→ **Problem description**
The expected output is every line of the data exactly as shown, minus the images.

→ **Data extract**
----

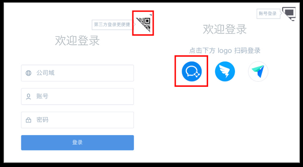 PC端登录页面出现企业微信登录入口,点击后可扫码登录。
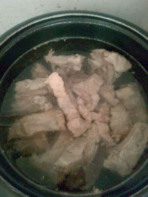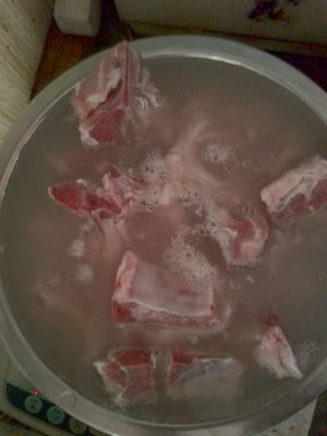 排骨先焯一下,直到看不见血色,把排骨洗净放入锅里煮,煮滚烫后,把排骨捞出来,水倒掉,排骨再冲洗下,备用。
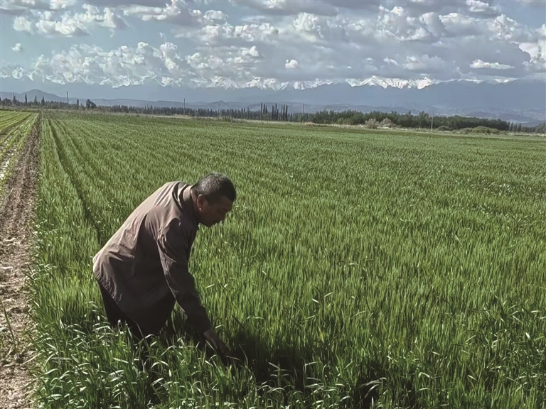 图为庆阳湖乡农业发展中心技术人员在冬小麦种植田查看小麦生长情况。□程 枭摄
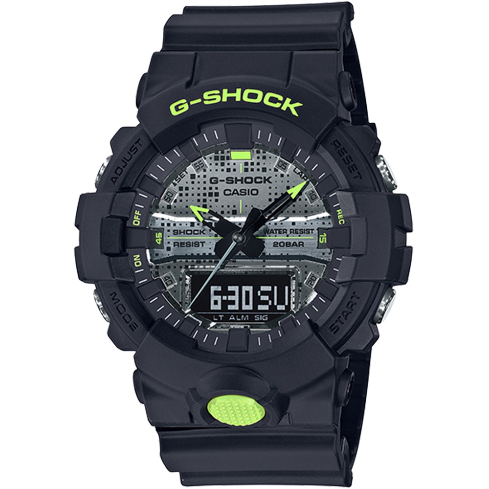 【CASIO】卡西歐 G-SHOCK 點陣迷彩霧黑雙顯計時錶 GA-800DC-1A 台灣卡西歐保固一年

----

→ **Solution to the exercise**
 PC端登录页面出现企业微信登录入口,点击后可扫码登录。
 排骨先焯一下,直到看不见血色,把排骨洗净放入锅里煮,煮滚烫后,把排骨捞出来,水倒掉,排骨再冲洗下,备用。
 图为庆阳湖乡农业发展中心技术人员在冬小麦种植田查看小麦生长情况。□程 枭摄
 【CASIO】卡西歐 G-SHOCK 點陣迷彩霧黑雙顯計時錶 GA-800DC-1A 台灣卡西歐保固一年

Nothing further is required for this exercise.